Société

Achoura et les rites sataniques

À l’occasion de la fête de l’Achoura, célébrée dans la société musulmane, le dixième jour de l’année de l’Hégire, plusieurs pratiques de sorcellerie refont surface. Ainsi, pour conjurer le mauvais sort, soulager des souffrances, activer un commerce dont l’activité stagne, assurer la réussite d’un candidat dans un examen décisif, faciliter le mariage d’une fille avancée dans l’âge, prévenir ou éliminer un déséquilibre du bien-être physique, mental, social ou spirituel, la sorcière croit avoir le pouvoir, avec l’aide du démon, d’agir pour venir en aide de tous ceux qui font appel à ses services dans ces cas. Comme elle intervient pour le «bien», la sorcière, prétendant qu’elle a signé un pacte avec Satan, agit également pour faire du mal, la vengeance. Elle croit pouvoir rendre ses victimes sujettes à l’étouffement, au dépérissement, aux meurtrissures, aux contusions, aux douleurs, aux maladies, à la torture ou même à la mort. Chez nous, ces pratiques sataniques, qui se sont greffées dans la société marocaine depuis la nuit des temps, battent leur plein, pendant les dix premiers jours de l’année de l’Hégire, et notamment la veille du 10 Moharram, le jour de la commémoration de la fête de l’Achoura.
Durant cette période, avancent les sorcières, les esprits descendent du ciel pour favoriser l’aboutissement d’un acte préparé, par la sorcière ou la personne elle même, en suivant strictement les consignes transmises en ce sens dans les cercles des vieilles femmes. Parmi ces pratiques les plus connues, celle de la serviette, communément appelée «Charouita».
La formule consiste à brûler dans un «kanoun» la serviette ayant servi lors d’un rapport sexuel. Cette opération s’effectue après la prière d’Al Asr, au-delà de 16 heures. Ainsi, une fois les spermatozoïdes de l’homme s’allument au feu, ils dégagent un «bkhour» dont se sert la femme.

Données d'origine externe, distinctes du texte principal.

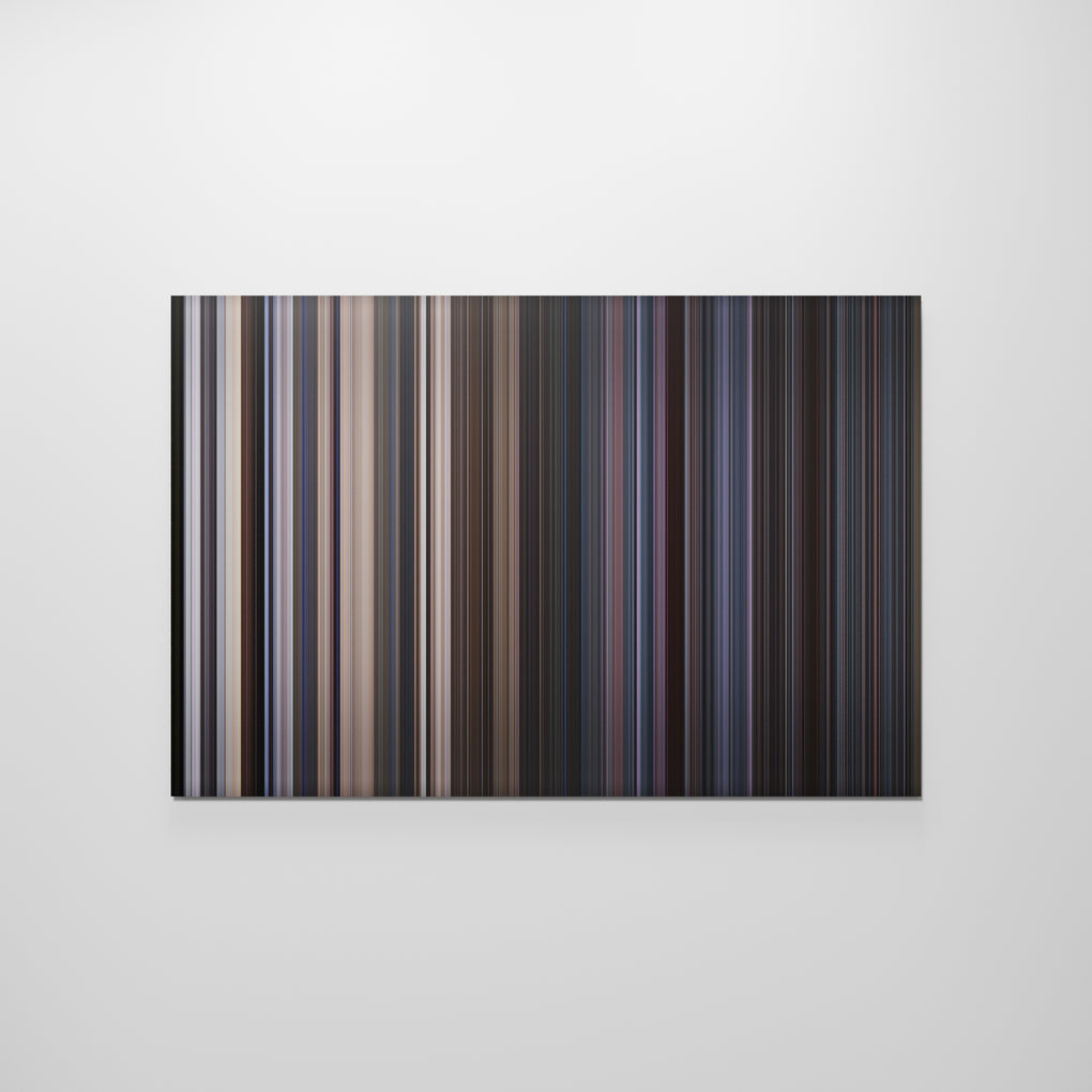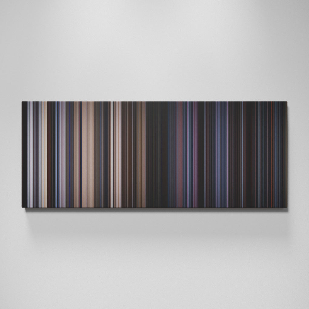 Presenting the ultimate treat for lovers of movies. For the first time ever, we’ve mapped out on canvas the entire DNA from start to finish. Every vertical stripe represents a scene with the color taken as the average of all the frames within that scene.

Cette pratique de «charouita», dit-on dans ces milieux, pousse l’homme, qui déserte le lit conjugal, pour une raison ou une autre, à ne plus penser à un acte sexuel avec une autre. Cela revient à dire qu’il restera fidèle à sa femme, pourvu qu’elle renouvelle, à chaque occasion, cette pratique superstitieuse. La pratique du «kouboul», acceptation, surgit également à l’occasion de cet événement pieux. La personne, qui cherche à ce que ses demandes soient acceptables, dans le commerce, l’administration, le mariage, etc, prépare un «hijab» qu’elle porte toujours sur elle ou qu’elle accroche à une branche d’un arbre. Ce «hijab» est constitué d’un «écrit» et des morceaux bien déterminés de certaines plantes médicinales ainsi que d’autres produits exotiques. Pendant cette période, les lieux de la vente de certaines plantes médicinales «Laâchoub», utilisées dans ce sens, connaît une forte affluence des femmes.
Il faut dire que les origines de la sorcellerie remontent à la nuit des temps. Longtemps perçue comme inspirée du démon, elle n’est en fait que le reflet des craintes et des haines les plus poussées d’une société. L’Islam est une religion puissante qui ne laisse aucune place à ces pratiques sorcières. Pourtant elles se sont profondément greffées dans la société.